Middlewich, a town in northwest England, lies on the confluence of three rivers – the Dane, the Croco and the Wheelock. Most importantly for the history of salt making, it also lies on the site of a prehistoric brine spring.

Following the Roman invasion, Middlewich was named Salinae on account of the salt deposits around it, as it was one of their major sites of salt production. During this time the Romans built a fort at 
Harbutts Field (SJ70216696), to the north of the town.
 
 Recent excavations to the south of the fort have found evidence of further Roman activity

including a well and part of a preserved Roman road.

Salt manufacture has remained the principal industry for the past 2,000 years.

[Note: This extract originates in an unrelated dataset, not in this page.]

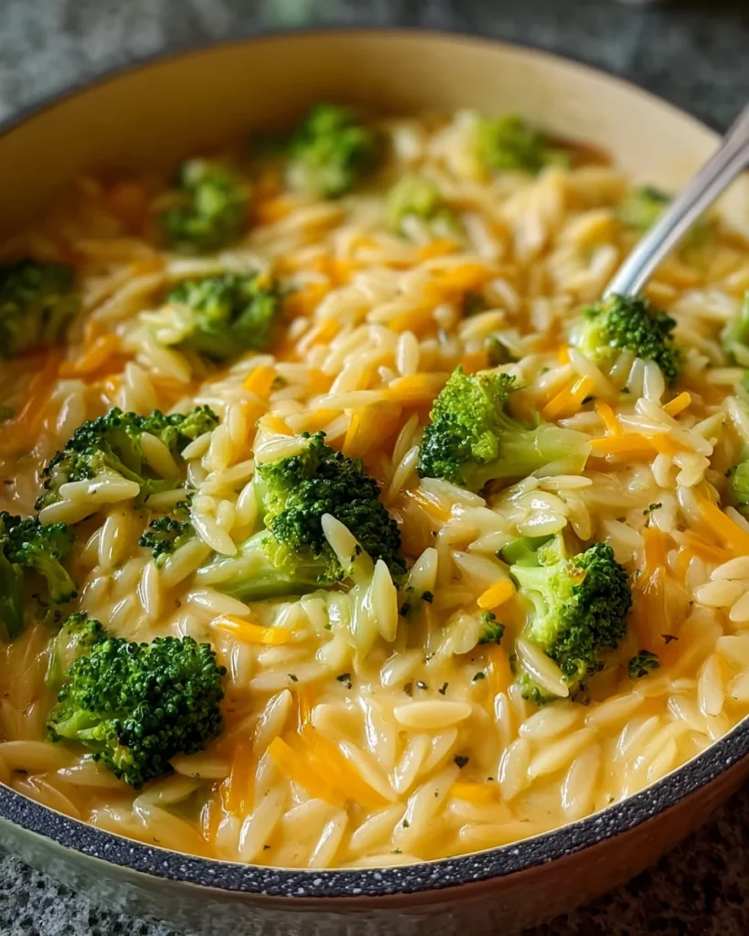 A creamy and delicious one-pot dish featuring orzo pasta, broccoli, and cheddar cheese, perfect for a quick meal.

Salt making is mentioned in the Domesday book, and by the 13th century there were approximately 100 "wich houses" packed around the town's two brine pits. By 1908 there were nine industrial scale salt manufacturers in the town, with a number of open pan salt works close to the canal, however salt manufacture in Middlewich is now concentrated in one manufacturer, British Salt. The salt is sold as the Saxa brand by RHM, and by others e.g. supermarket own brands. Salt produced by British Salt in Middlewich has 57% of the UK market for salt used in cooking.

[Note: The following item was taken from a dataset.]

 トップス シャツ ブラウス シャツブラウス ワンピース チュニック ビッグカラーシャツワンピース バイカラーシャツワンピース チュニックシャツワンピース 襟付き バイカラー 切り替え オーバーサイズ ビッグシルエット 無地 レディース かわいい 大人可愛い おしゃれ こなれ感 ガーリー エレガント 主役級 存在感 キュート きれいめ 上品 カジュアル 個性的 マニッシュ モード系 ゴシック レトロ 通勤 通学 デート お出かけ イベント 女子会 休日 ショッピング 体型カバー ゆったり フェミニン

Historical extracts concerning salt production in Middlewich

Camden's "Magna Brittania", 1580
"From thence runneth Wever down by Nantwich, not far from Middlewich, and so to Northwich.  These are very famous Salt-Witches, five or six miles distant, where brine or salt water is drawn out of pits, which they pour not upon wood while it burneth as the ancient Gauls and Germans were wont to do, but boil it over a fire to make salt thereof.  Neither doubt I that these were known unto the Romans, and that from hence was usually paid the Custom of Salt, called Salarium.

"For, there went a notable highway from Middlewich to Northwich, raised with gravel to such a height, that a man may easily acknowledge that it was the work of the Romans, seeing that all this country over, gravel is so scare: and from then at this day it is carried to private men’s uses. Mather Paris writeth that Henry III stopped up these salt-pits when in hostile manner he wasted this shire; because the Welshmen, so tumultuous in those days should not have any victuals or provisions from thence. But when the fair beams of peace began once more to shine out, they were opened again.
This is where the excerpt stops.